Turkey sausages with herbs and zucchini
- For 4 people
- Preparation time : 45 minutes
- Difficulty (0 to 5) : 2
Ingredients
- Turkey Sausages
- Ground turkey : 500 grams
- Fresh parsley (chopped) : 2 tablespoons
- Fresh sage (chopped) : 1 tablespoon
- Fresh thyme (chopped) : 1 tablespoon
- Garlic (minced) : 2 cloves
- Salt : 1 teaspoon
- Black pepper : 1/2 teaspoon
- Coconut oil : 2 tablespoons
- Zucchini
- Zucchini (sliced) : 4 medium-sized
- Olive oil : 2 tablespoons
- Salt : 1/2 teaspoon
- Black pepper : 1/4 teaspoon
Steps
- Preheat the oven to 200°C (400°F).
- In a large bowl, combine the ground turkey, chopped parsley, sage, thyme, minced garlic, salt, and black pepper. Mix well until all the ingredients are evenly incorporated.
- Shape the turkey mixture into sausages, about 10 cm (4 inches) long and 2.5 cm (1 inch) thick.
- Heat coconut oil in a skillet over medium heat. Cook the turkey sausages for about 3-4 minutes per side, or until browned.
- Transfer the browned sausages to a baking sheet and place them in the preheated oven. Bake for 15-20 minutes, or until the sausages are cooked through.
- While the sausages are baking, prepare the zucchini. In a separate bowl, toss the sliced zucchini with olive oil, salt, and black pepper.
- Spread the zucchini slices on a baking sheet and roast in the oven for 10-12 minutes, or until tender and slightly browned.
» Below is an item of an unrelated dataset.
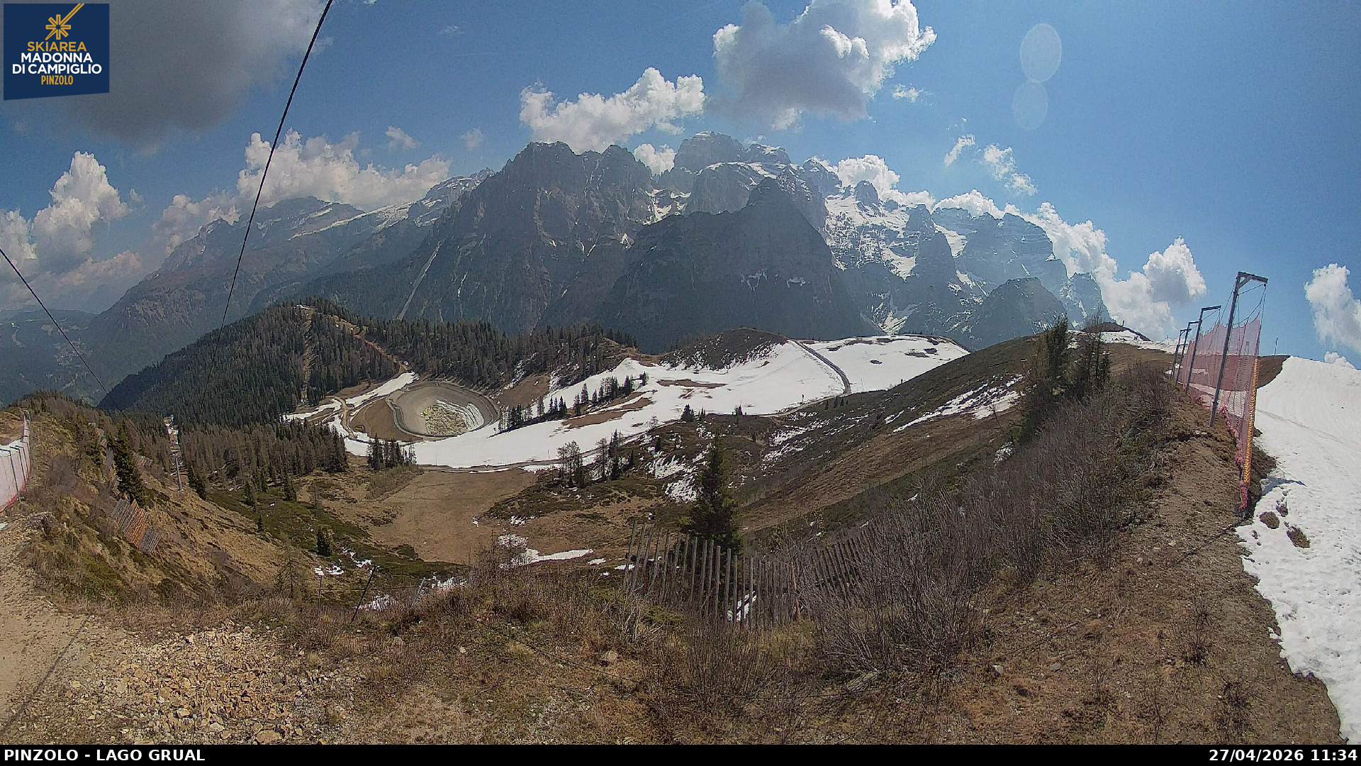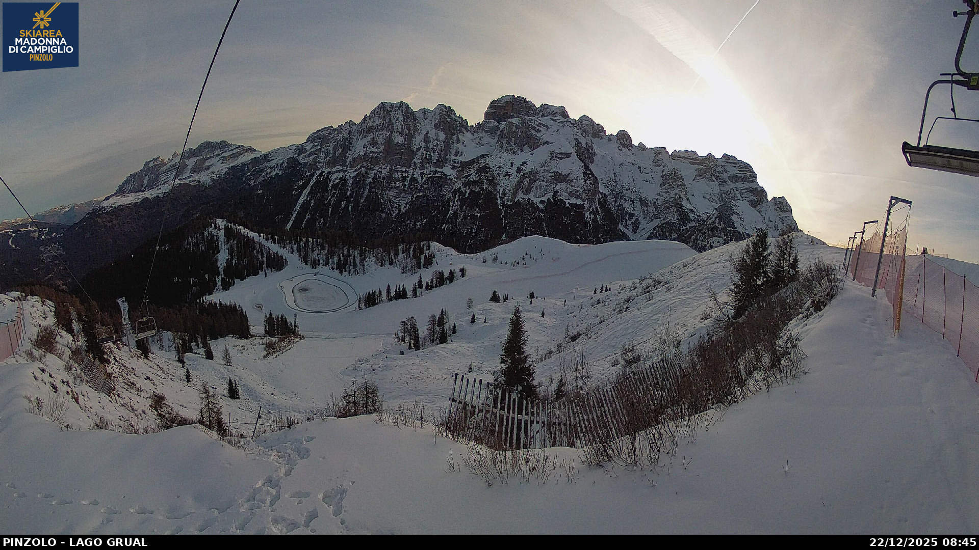 Webcam panoramica Pinzolo. Le webcam sul comprensorio sciistico di Pinzolo, collegato sci ai piedi con Madonna di Campiglio, in Trentino. Le webcam inquadrano la pista Tulot, il lago Grual e Malga Cioca.

- Serve the turkey sausages with the roasted zucchini slices.
Tips
- Make sure to handle the turkey mixture gently when shaping the sausages to avoid overworking the meat.
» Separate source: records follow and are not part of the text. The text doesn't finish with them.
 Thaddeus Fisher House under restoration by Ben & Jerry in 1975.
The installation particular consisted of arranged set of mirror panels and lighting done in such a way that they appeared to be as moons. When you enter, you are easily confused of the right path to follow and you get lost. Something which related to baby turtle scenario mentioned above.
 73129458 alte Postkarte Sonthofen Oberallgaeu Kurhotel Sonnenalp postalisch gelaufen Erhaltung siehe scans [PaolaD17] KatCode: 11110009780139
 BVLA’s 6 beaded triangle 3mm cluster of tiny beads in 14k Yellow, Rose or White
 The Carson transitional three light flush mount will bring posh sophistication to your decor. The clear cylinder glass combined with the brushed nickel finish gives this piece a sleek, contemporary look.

- Feel free to adjust the amount of herbs and spices according to your taste preferences.
Information
- This recipe is paleo-friendly, gluten-free, and dairy-free.
- Turkey sausages are a lean and protein-rich alternative to traditional pork sausages.
This recipe has been generated by an AI, six times: once for each language. So it's highly likely that you'll see differences between the versions. Enjoy!
Recipe created on January 19, 2024, with the assistance of gpt-3.5-turbo, published by Gribiche under their responsibility but without any culinary guarantee or even coherence.